Although very early socializing plays the most significant role in an adult cat's personality, some anecdotal proof says cats' personalities vary between colors. Ginger tom cats have a track record of being assertive, vocal, and energetic; female Ginger cats are considered calmer and quieter.

Additionally, a survey carried out by the University of California, Berkeley, showed that cat enthusiasts were more likely to credit positive personality traits to orange cats compared with white or tortoiseshell cats. Ginger cats were commonly considered more energetic, while tortoiseshell and white cats were more aloof.

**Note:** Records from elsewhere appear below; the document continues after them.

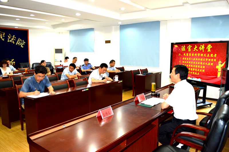 程琳以审理民商事案件几点思考为题,深刻分析了当前民商事审判中的热点难点问题,总结了民商事审判工作经验。同时,结合30多年的审判经验对“围绕当事人的诉讼请求审理案件”、“树立合同自由与合同正义原则”、“充分运用诚实信用原则”、“严格适用情势变更原则”、“审慎认定合同效力”等几个方面内容进行了深刻的讲解。整个授课理论联系实际,密切结合民商事诉讼实际情况,以小见大,内容丰富,语言生动,受到了干警的热烈欢迎。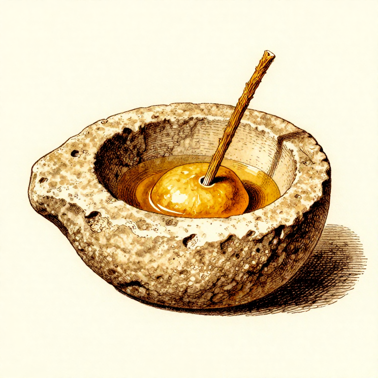 Place the chopped suet into a watertight vessel — a tightly woven bark container, a stone bowl, or a clay pot — and add an equal volume of water. Heat the mixture by dropping fire-heated stones into it (the hot-stone boiling method). As the water heats to a gentle simmer, the fat cells rupture and release liquid fat, which floats to the surface. Continue adding hot stones to maintain the simmer for 1-2 hours. The water method is important: it prevents the fat from scorching, dissolves water-soluble impurities, and produces a cleaner tallow than dry rendering. The connective tissue (cracklings) sinks to the bottom along with any debris.
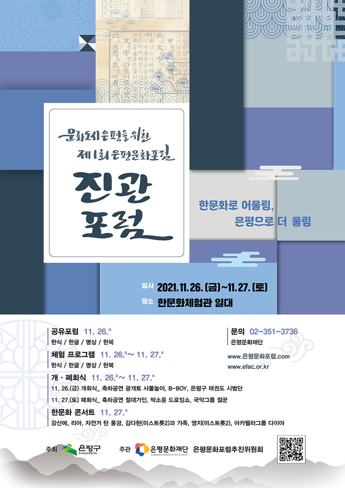 이번 포럼의 주제는 ‘한(韓)문화’로 은평의 한문화특구인 진관동 한문화 체험관을 중심으로 열려 이곳의 지명을 가져와 ‘진관포럼’이라는 이름으로 진행한다. 은평의 한문화 가치를 알리고, 재조명하는 체험형 문화포럼으로 ‘한문화로 어울림, 은평으로 더 울림’이라는 슬로건 아래 전문 공유포럼, 체험 프로그램, 한문화 콘서트 등 다채로운 프로그램이 마련돼 있다.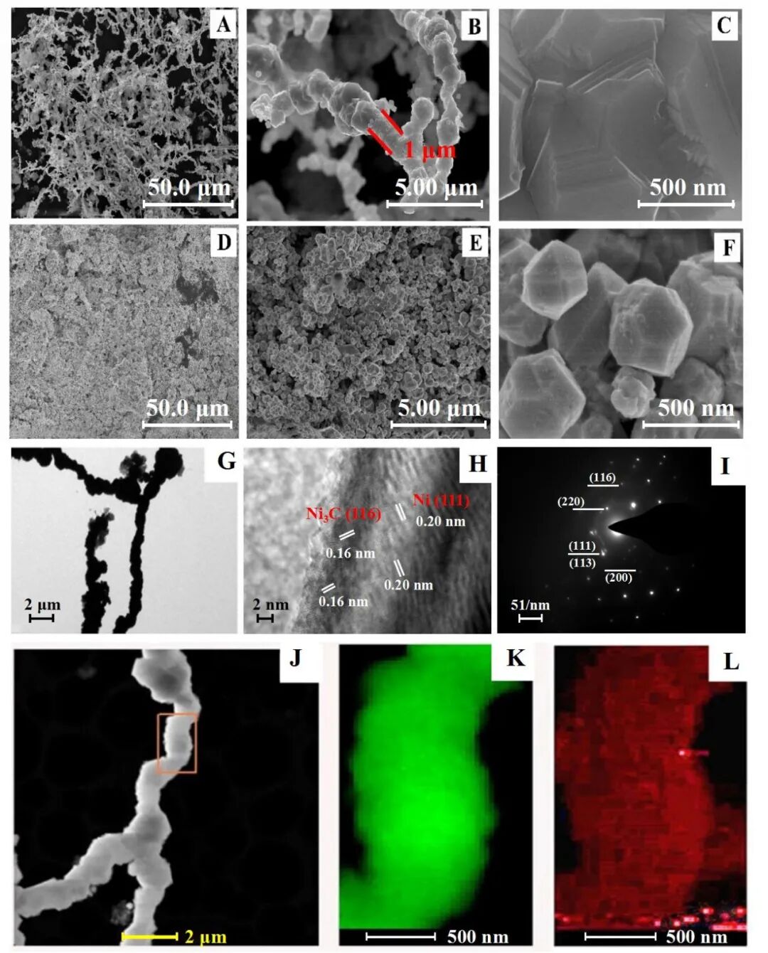 图 1. Ni3C/Ni 纳米链(图A-C)和单独Ni多面体 (图D-F)的扫描电镜图;Ni3C/Ni 纳米链的透射电镜图 (G)、高分辨透射电镜(H)、电子衍射图(I)、元素分析图(J-L)。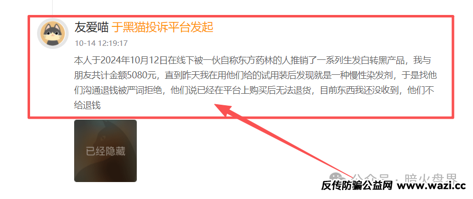 警惕“东方药林”销售模式疑似涉传,产品使用效果不好,遭多人投诉到“黑猫投诉!...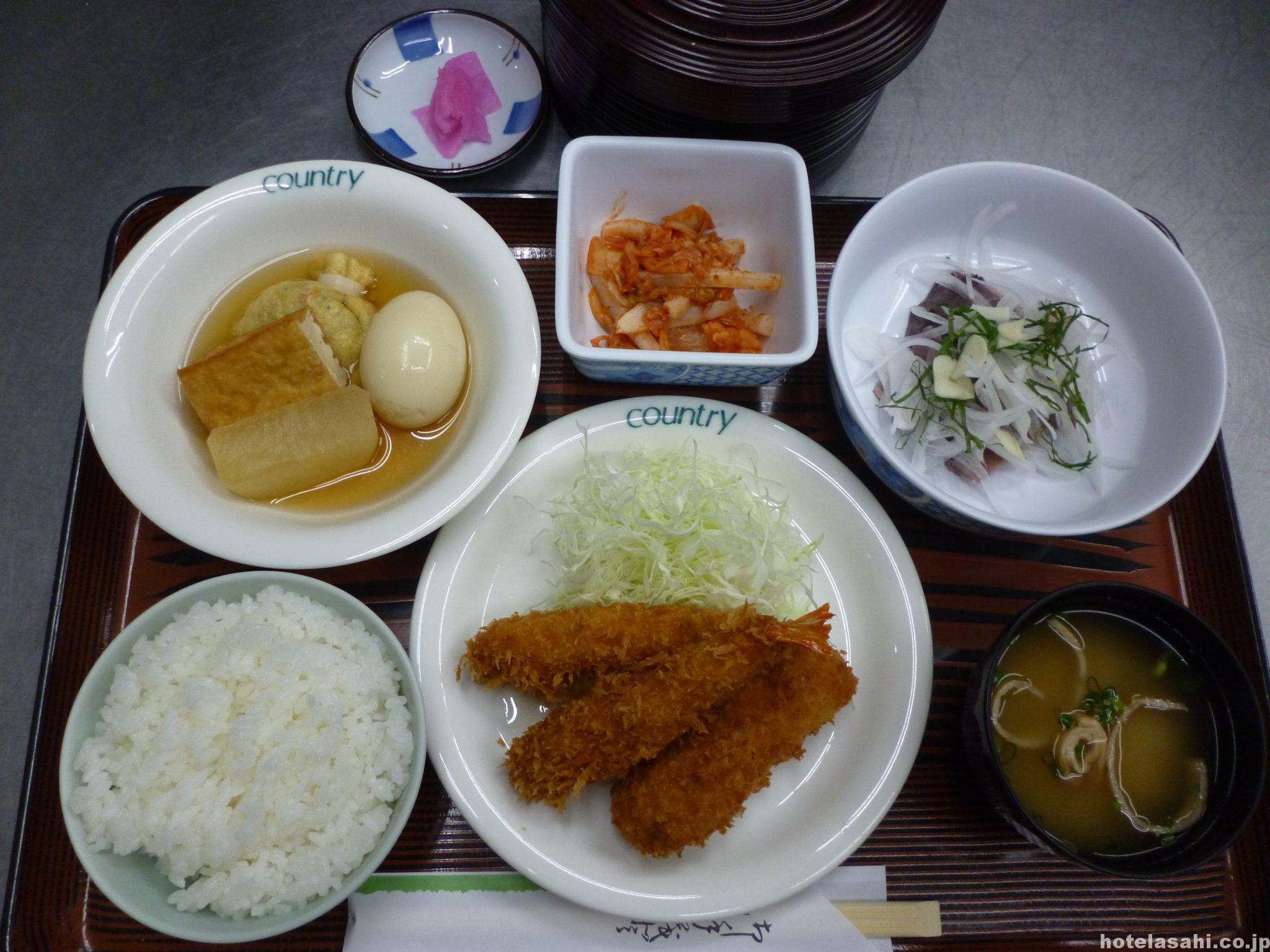 本日のメニューは、かつおたたき、おでん、エビフライとささみしそ巻き、イカキムチです。夕食は税込1080円となっております(^^♪

Here's A Quick Rundown of Breeds That Commonly Have the Coloring Of Ginger Cats

  • American Bobtail
  • American Curl
  • Bengal
  • British Shorthair
  • Egyptian Mau
  • Maine Coon
  • Munchkin
  • Ocicat
  • Asian Shorthair
  • Persian
  • Somali

Do Ginger Cats Make Great Pets?

Ginger cats are exceptionally popular, and numerous cat owners say that their ginger cats are pleasant and caring. However, specific character and temperament may vary, so your feline's type makeup might affect their personality.

7 Famous Ginger Cats


An orange tabby cat called Orangey (or Orangey Minerva) was the ginger feline in Breakfast at Tiffany's with Audrey Hepburn in 1961. Orangey first debuted in the 1952 motion picture Rhubarb and became the only feline to win 2 PATSY honors in 1952 and 1962. Despite his popularity, Orangey was commonly referred to as mean.


The Marmalade Cat is the cute orange star of a series of illustrated children's books by Kathleen Hale, initially printed in 1938. Inspired by Hale's very own ginger feline, Orland, this 19-book collection tells the adventures of Orlando and also his feline household. The first book in the series titled "Orlando (The Marmalade Cat): A Camping Holiday" was an instant success, and the series finished in 1972 with "Orlando and the Water Cats."


This bi-color ginger and white feline became famous in the 1997 film Men in Black. Orion came from Gentle Rosenburg, a member of the Arquilian royal family hiding on Earth.


The film called "The Adventures of Milo and Otis" is a 1986 Japanese comedy about two pals--a ginger tabby named Milo and his best friend, a pug named Otis. In 1989, Columbia Pictures removed 15 minutes from the film and launched it in English.


Known for his idleness and love of pasta, Garfield is an American cartoon character developed by Jim Davis. A ginger cat with tiger red stripes, Garfield belongs to owner Jon Arbuckle and also spent his days terrorizing his dog brother Odie.

Puss in Boots

After his opening night in Shrek 2 in 2004, Puss in Boots became a prominent personality in the Shrek franchise business. This lively ginger feline puts on boots, a cape, and a saggy hat while carrying his sword in a belt around his midsection.